Based on the evaluation results:
- **H=2**: `cum_mu` wins by 0.43 pts mean regret
- **H=3**: `cum_ev` wins by 0.75 pts mean regret  
- **H=4**: `cum_ev` wins by 1.11 pts mean regret (largest gap)
- **H=5**: `cum_mu` wins by 0.11 pts mean regret

**Answer**: `cum_ev` outperforms at H=3 and H=4, but not at H=2 or H=5.

### 2. How does regret gap change with horizon length?

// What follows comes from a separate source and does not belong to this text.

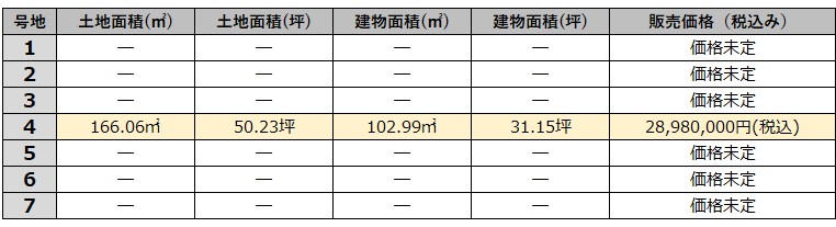 ■「トレステージ久留米工業大学前」物件概要 ●所在地/福岡県久留米市藤山町1768-7他●交通/西鉄バス「野添」停徒歩5分 ●地目/宅地 ●用途地域/第一種低層住居専用地域●建ぺい率/50% ●容積率/80% ●道路幅員/西側(公道):幅員6m ●雨水/側溝排水 ●電気/九州電力●上下水道/公営上下水道●総区画数/7区画 ●販売戸数/新築一戸建:1戸 ●土地面積/166.06㎡●建物面積/102.99㎡ ●販売価格/4号地:2898万円●完成時期/2025年11月末予定 ●取引態様/売主

The regret gap follows a non-monotonic pattern:
- At short horizons (H=2), availability hasn't compounded enough to matter
- At mid horizons (H=3-4), availability compounding provides measurable protection
- At long horizons (H=5), the advantage disappears — possibly due to increased noise in longer-term predictions or sample size effects

### 3. Does availability compounding overcome upside dominance?

**Partially**. Unlike single-GW decisions where `mu_points` always won:
- At H=3 and H=4, availability adjustment provides modest improvement (~0.75-1.11 pts/decision)
- The effect is most pronounced at H=4 where availability has had time to compound
- However, the improvement is not consistent across all horizons
- Tail risk (% ≥ 10 regret) is essentially identical between policies

**Conclusion**: For 3-4 GW planning horizons, availability-adjusted EV shows slight improvement over raw upside. This is a reversal from single-GW findings, confirming that availability does compound over time. However, the magnitude of improvement is modest (~1 pt per decision), and the effect is not robust across all horizons.